Given material section start
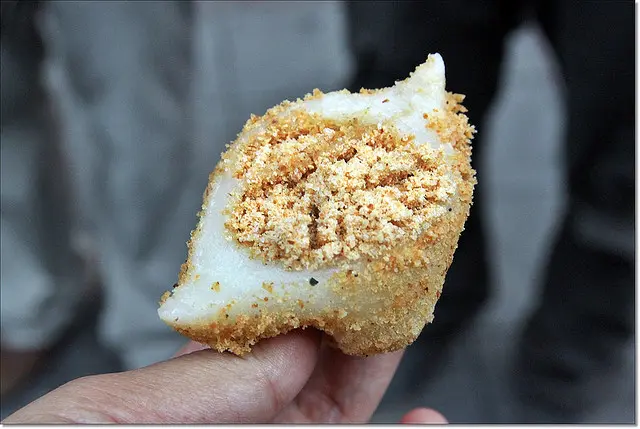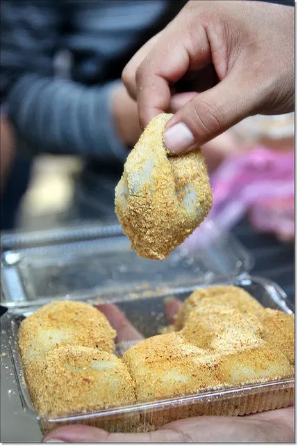 還沒裹花生粉之前的麻糬甚至看的到餡料,餡料真的包很飽滿。
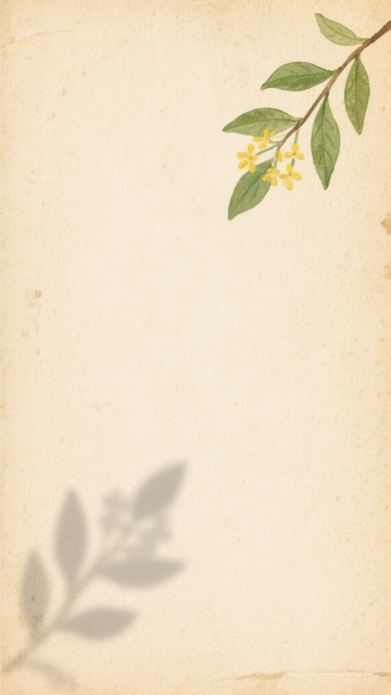 暖色调背景,带有明显纹理的米黄色纸张质感,纸张上有细微的斑驳和污渍效果,右上角有一枝清晰的绿色枝叶和黄色小花图案,左下角有一个模糊的灰色枝叶剪影,整体呈现出淡雅、自然、复古的手绘风格,画面简洁,留白充足,营造出宁静、温馨的氛围。
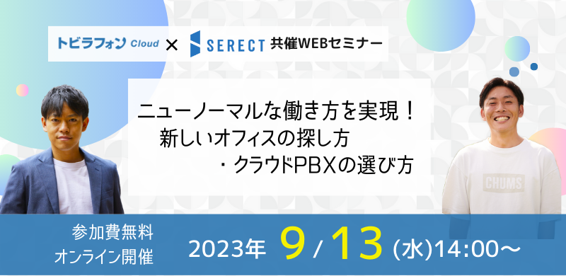 クラウド電話システムを展開する「トビラフォン Cloud」とオフィス移転の専門家である「SERECT」の両社より、コストを抑えつつ組織の生産性を高める手法についてご紹介します。
Given material section end
• _Exercise requirements_: Would you give the data above again word for word, skipping any images?

• _The answer_:
 還沒裹花生粉之前的麻糬甚至看的到餡料,餡料真的包很飽滿。
 暖色调背景,带有明显纹理的米黄色纸张质感,纸张上有细微的斑驳和污渍效果,右上角有一枝清晰的绿色枝叶和黄色小花图案,左下角有一个模糊的灰色枝叶剪影,整体呈现出淡雅、自然、复古的手绘风格,画面简洁,留白充足,营造出宁静、温馨的氛围。
 クラウド電話システムを展開する「トビラフォン Cloud」とオフィス移転の専門家である「SERECT」の両社より、コストを抑えつつ組織の生産性を高める手法についてご紹介します。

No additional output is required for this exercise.